With no roads or trails, Kobuk offers a true backcountry experience. Come prepared for tough conditions.
Gates Of The Arctic National Park

As the name suggests, this park is located inside the Arctic Circle and is the United States’ most northern national park. Unlike the previous park, it doesn’t offer roads or trails.
The park is 250 miles northwest of Fairbanks, Alaska, and has no facilities, visitor centers, or campgrounds. Access to the park is by air taxi or by hiking. The Dalton Highway comes within five miles of the park’s border, so some hike into the park from there.
The national park has one small village called Anaktuvuk Pass, with fewer than 500 residents. Caribou are abundant in these lands and provide an important food source for the villagers.
Expect a subarctic climate with average July temperatures of 50F or 10C during the day and lows of 40F or 4C.
Anaktuvuk Pass provides a gateway to exploring the backcountry or boating on the John River. If you prefer not to be in the remote wilderness, plan a day trip from Fairbanks to visit the small village.
While the flights aren’t cheap, you’ll at least have the bragging right of visiting the Arctic Circle.
Klondike Gold Rush National Historical Park

The Klondike Gold Rush National Historical Park is located in Skagway. It’s the second arm of the Gold Rush historical park, with the other part in Seattle, Washington.
While it doesn’t encompass thousands of acres of untouched land, it memorializes an essential history of the area.
In 1896, a prospector struck gold in the Canadian Yukon, igniting the thrilling start of the Gold Rush. Both arms of the parks in Skagway and Seattle document the events that led to the Gold Rush. From Pioneer Square in Seattle, prospectors sailed to Alaska, hoping to get rich.
At the visitor center, park rangers give presentations, and visitors can learn about the White Pass and Yukon Route Railway, which was constructed to take the prospectors and equipment to the Yukon.
The Skagway train journey into the Yukon offers a spectacular railway trip across wooden trestles and through tunnels. The three-hour train ride provides stunning views of rugged mountains and cascading waterfalls.
We enjoyed the journey in vintage rail cars, and the outer deck allowed us to stand outside to watch the train curve on the track.
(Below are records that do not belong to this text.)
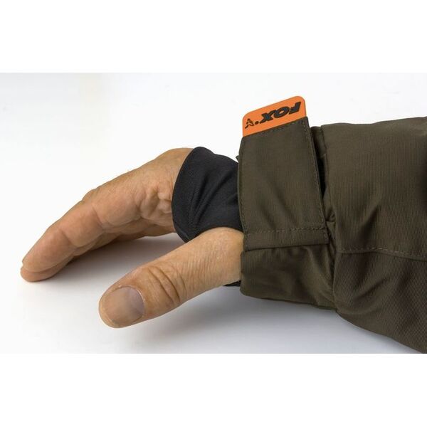 - Куртка также имеет внутренний нагрудный карман на молнии, внутренние неопреновые манжеты с отверстиями под большой палец и логотипами Fox.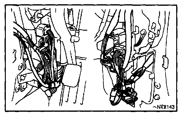 - When installing the front passenger airbag assembly, take care that the wiring does not interfere with other parts and is not pinched between other parts.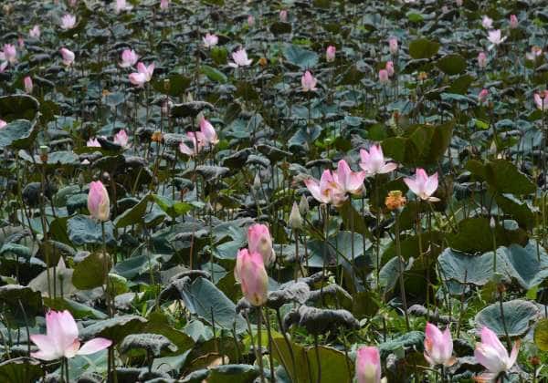 தூத்துக்குடி மாவட்டம் பெருங்குளம் அருகே உள்ள குளத்தில் பூத்துகுலுங்கும் தாமரை பூக்கள்.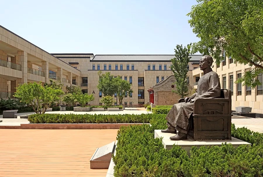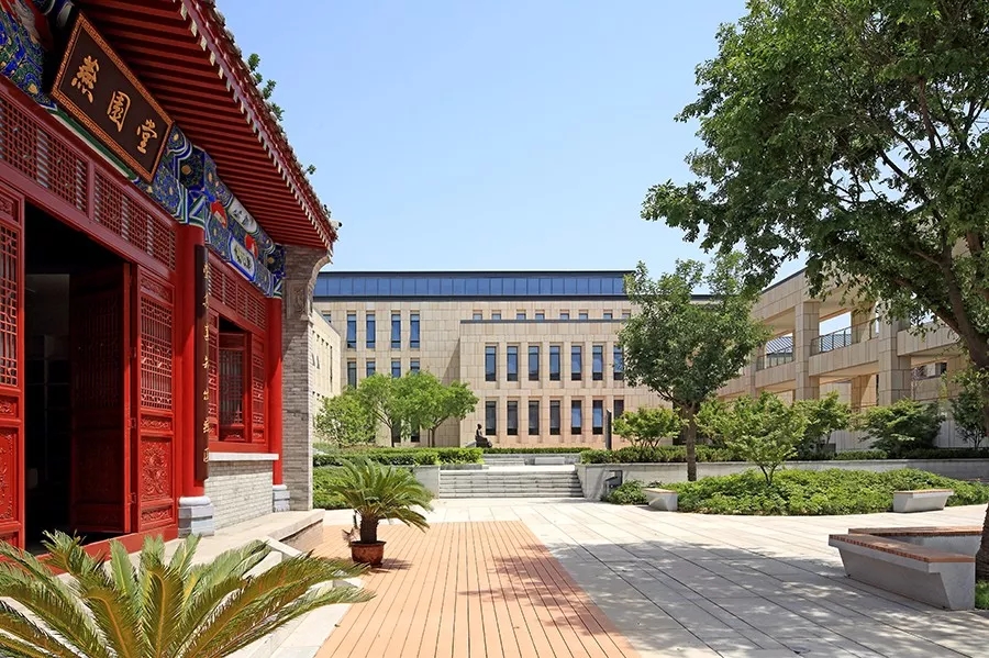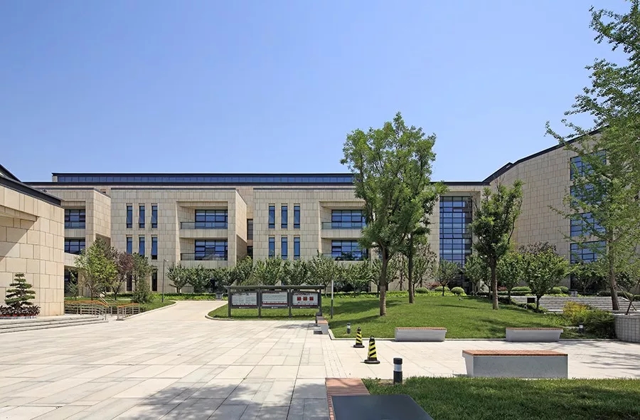 北京大学光华管理学院西安分院位于陕西历史文化旅游景区临潼,在该项目总体设计中,我们采用关中传统书院的布局手法,通过建筑与场院的空间围合成序列空间,并通过坡地的高差起落,形成了一组建筑造型高低错落、建筑平面围合有序的建筑群落空间,同时将关中两进院子的手法通过整合,割裂与放大,应用到建筑组团内形成一组半开放式的教学布局,学院教学楼通过连廊相连并与庭院组合划分了不同的大小室外空间,设计将中国传统书院与陕西传统民居的精髓根植于北大光华学院中,使庭院形成了整个学院的空间场院的核心。同时,在学校庭院中设计了一座北京传统卷棚老宅作为学院的交流会客场所,提名“燕园堂”,以此来唤起人们对北京大学老建筑的情感共鸣,北大校园与关中书院由此展开了一场“穿越时空”的“亲密对话”。关中地区素有“陕西屋子半边盖”的说法。我们以关中传统民居这一特点为基础,并进行了抽象与演绎。建筑造型方面,我们继承了关中民居——屋子半边盖的建筑形式,通过新中式的构图形式与现代半边屋的几何构图形式有机组合,将北大校园文化与关中地域文脉有机结合。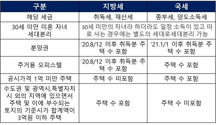 - 배우자와 미혼인 30세 미만의 자녀는 주택을 취득하는 자와 같은 세대별 주민등록표에 기재되어 있지 않더라도 같은 세대로 본다.

Alternatively, walk in the same footsteps as the prospectors by hiking a section of the Chilkoot Trail. By hiking, I appreciated those who did it in extreme winters with heavy gear.
The Klondike Gold Rush National Historical Park has restored many historic buildings from the Gold Rush era. Some are used as museums, while others have been rented out to businesses.
A short walk from town, the Gold Rush Cemetery extends the history lesson. Here, we saw the tombstones of famous prospectors such as Soapy Smith and Frank Reid.
Sitka National Historical Park

Like the Klondike Gold Rush park, Sitka National Historical Park preserves a different kind of history. Sitka was Alaska’s capital until Juneau took over in 1906. This city oozes with history from the Russian fur traders and their clash with the Tlingit clan which resulted in the Battle of Sitka.
When the National Park Service was created in 1916, it took over Sitka’s park, where some weathered totem poles were preserved or reproduced. A visitor center was added, featuring Tlingit artifacts like silver jewelry, drums, baskets, and paddles.
Trails in the park showcase more carved poles. While originals have weathered, replicas still tell the land’s story. We enjoyed the walk, admired the poles and even spotted bald eagles along the way.
Other Sitka highlights include North America’s first Orthodox Catholic church, St. Michael’s Cathedral, the Russian Bishop’s House, and Castle Hill, where we learned about the sale of Alaska.